■ **GOAL OF THE EXERCISE**:
Look in the data below for the line that has "Personalized Dolce Vita", then print exactly every line from there through the line that has "中跟单鞋女漆皮春秋新款时尚百搭舒适拼色方头粗跟软底大码女鞋子", leaving pictures out.

■ **MATERIAL PROVIDED**:

**********

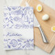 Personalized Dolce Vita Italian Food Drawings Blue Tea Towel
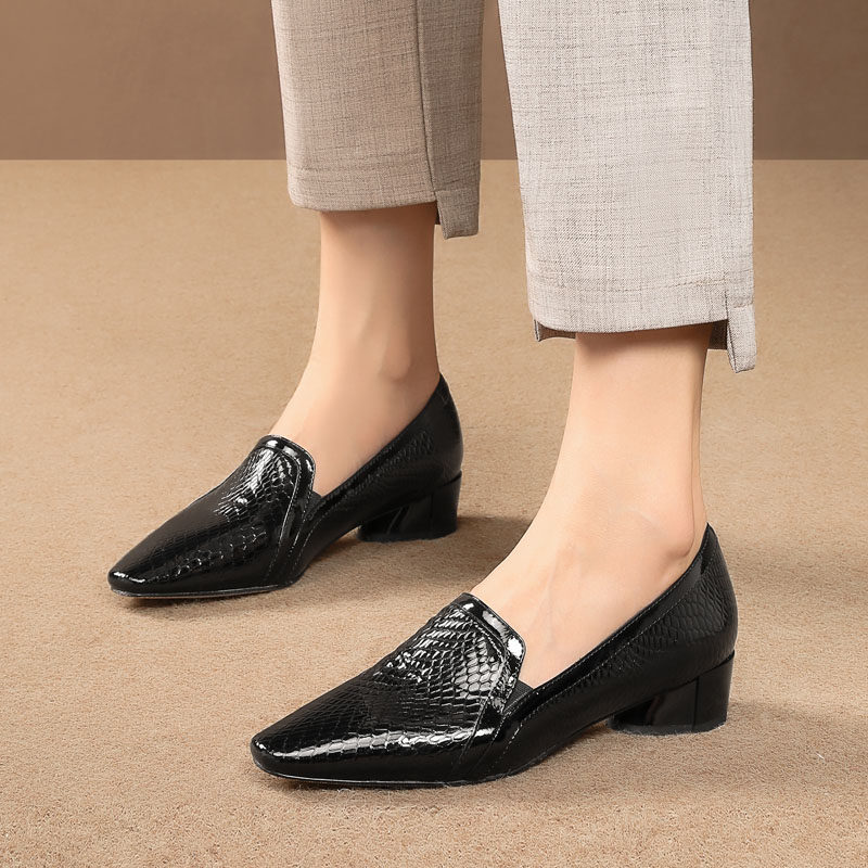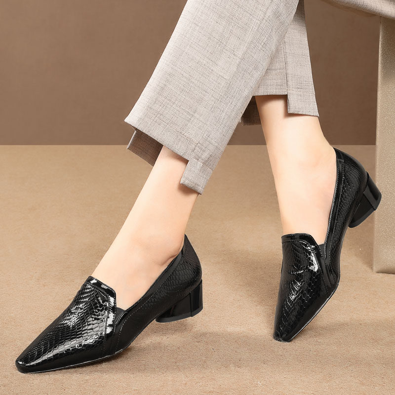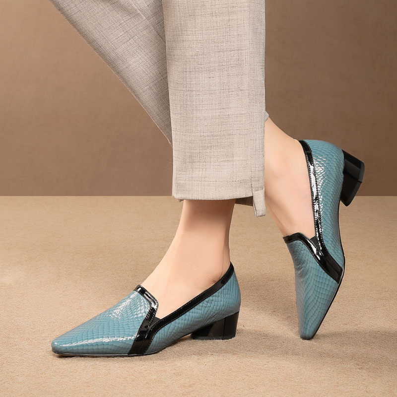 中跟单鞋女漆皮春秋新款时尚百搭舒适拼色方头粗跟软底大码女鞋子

**********

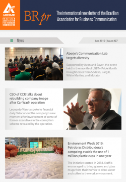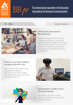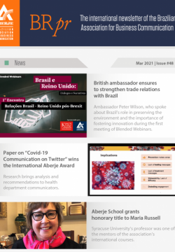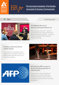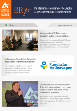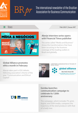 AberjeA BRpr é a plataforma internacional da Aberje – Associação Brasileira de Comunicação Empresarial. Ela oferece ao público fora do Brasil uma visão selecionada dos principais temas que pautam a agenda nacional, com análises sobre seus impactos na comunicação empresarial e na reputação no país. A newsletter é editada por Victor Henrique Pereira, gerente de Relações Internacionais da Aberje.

**********

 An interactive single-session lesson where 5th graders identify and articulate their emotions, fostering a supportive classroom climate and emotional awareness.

**********

■ **ANSWER TO THE PROBLEM**:
 Personalized Dolce Vita Italian Food Drawings Blue Tea Towel
 中跟单鞋女漆皮春秋新款时尚百搭舒适拼色方头粗跟软底大码女鞋子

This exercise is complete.